We include these functions to provide a uniform library interface with cosette since openai models such as o1 do not have many of these capabilities.

assert can_stream('claude-3-5-sonnet-20241022') and can_set_system_prompt('claude-3-5-sonnet-20241022') and can_set_temperature('claude-3-5-sonnet-20241022')

These are the current versions and prices of Anthropic’s models at the time of writing.

model = models[1]; model
'claude-3-7-sonnet-20250219'

For examples, we’ll use Sonnet 3.5, since it’s awesome.

Antropic SDK

cli = Anthropic()

This is what Anthropic’s SDK provides for interacting with Python. To use it, pass it a list of messages, with content and a role. The roles should alternate between user and assistant.

Tip

After the code below you’ll see an indented section with an orange vertical line on the left. This is used to show the result of running the code above. Because the code is running in a Jupyter Notebook, we don’t have to use print to display results, we can just type the expression directly, as we do with r here.

m = {'role': 'user', 'content': "I'm Jeremy"}
r = cli.messages.create(messages=[m], model=model, max_tokens=100)
r

Hello Jeremy! It’s nice to meet you. How are you doing today? Is there anything I can help you with or something you’d like to talk about?
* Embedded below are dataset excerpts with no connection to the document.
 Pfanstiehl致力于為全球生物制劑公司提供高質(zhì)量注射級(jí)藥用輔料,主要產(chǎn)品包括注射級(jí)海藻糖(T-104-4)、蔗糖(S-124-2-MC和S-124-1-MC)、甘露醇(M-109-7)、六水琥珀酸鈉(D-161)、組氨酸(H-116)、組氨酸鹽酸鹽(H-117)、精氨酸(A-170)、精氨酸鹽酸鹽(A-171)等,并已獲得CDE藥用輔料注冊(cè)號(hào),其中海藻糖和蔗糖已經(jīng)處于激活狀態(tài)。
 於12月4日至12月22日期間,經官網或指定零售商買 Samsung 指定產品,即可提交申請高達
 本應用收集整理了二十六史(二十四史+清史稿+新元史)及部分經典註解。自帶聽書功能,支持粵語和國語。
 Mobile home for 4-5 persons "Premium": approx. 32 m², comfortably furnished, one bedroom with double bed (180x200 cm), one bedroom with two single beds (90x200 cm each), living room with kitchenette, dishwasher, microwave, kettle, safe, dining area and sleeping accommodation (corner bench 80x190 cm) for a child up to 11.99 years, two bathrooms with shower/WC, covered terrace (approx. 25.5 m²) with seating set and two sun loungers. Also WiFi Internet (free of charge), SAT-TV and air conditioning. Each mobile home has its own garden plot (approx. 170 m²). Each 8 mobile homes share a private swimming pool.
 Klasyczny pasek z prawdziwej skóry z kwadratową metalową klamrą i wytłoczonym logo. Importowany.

  • id: msg_01YTFnV5W6dv72G56yVgETgc
  • content: [{'citations': None, 'text': "Hello Jeremy! It's nice to meet you. How are you doing today? Is there anything I can help you with or something you'd like to talk about?", 'type': 'text'}]
  • model: claude-3-7-sonnet-20250219
  • role: assistant
  • stop_reason: end_turn
  • stop_sequence: None
  • type: message
  • usage: {'cache_creation_input_tokens': 0, 'cache_read_input_tokens': 0, 'input_tokens': 10, 'output_tokens': 36, 'server_tool_use': None}

Formatting output

That output is pretty long and hard to read, so let’s clean it up. We’ll start by pulling out the Content part of the message. To do that, we’re going to write our first function which will be included to the claudette/core.py module.

Tip

This is the first exported public function or class we’re creating (the previous export was of a variable). In the rendered version of the notebook for these you’ll see 4 things, in this order (unless the symbol starts with a single _, which indicates it’s private):

  • The signature (with the symbol name as a heading, with a horizontal rule above)
  • A table of paramater docs (if provided)
  • The doc string (in italics).
  • The source code (in a collapsible “Exported source” block)
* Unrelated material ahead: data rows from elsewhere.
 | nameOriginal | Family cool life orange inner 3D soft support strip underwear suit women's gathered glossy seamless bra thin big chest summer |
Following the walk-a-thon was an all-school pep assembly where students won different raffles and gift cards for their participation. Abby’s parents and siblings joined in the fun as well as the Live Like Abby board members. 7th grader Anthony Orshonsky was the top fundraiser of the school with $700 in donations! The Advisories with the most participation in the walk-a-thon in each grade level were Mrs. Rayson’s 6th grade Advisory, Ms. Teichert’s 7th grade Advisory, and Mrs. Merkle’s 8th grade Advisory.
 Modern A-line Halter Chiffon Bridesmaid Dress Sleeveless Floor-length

After that, we generally provide a bit more detail on what we’ve created, and why, along with a sample usage.


source

find_block

 find_block (r:collections.abc.Mapping, blk_type:type=<class
             'anthropic.types.text_block.TextBlock'>)

Find the first block of type blk_type in r.content.

Type Default Details
r Mapping The message to look in
blk_type type TextBlock The type of block to find
Exported source
def find_block(r:abc.Mapping, # The message to look in
               blk_type:type=TextBlock  # The type of block to find
              ):
    "Find the first block of type `blk_type` in `r.content`."
    return first(o for o in r.content if isinstance(o,blk_type))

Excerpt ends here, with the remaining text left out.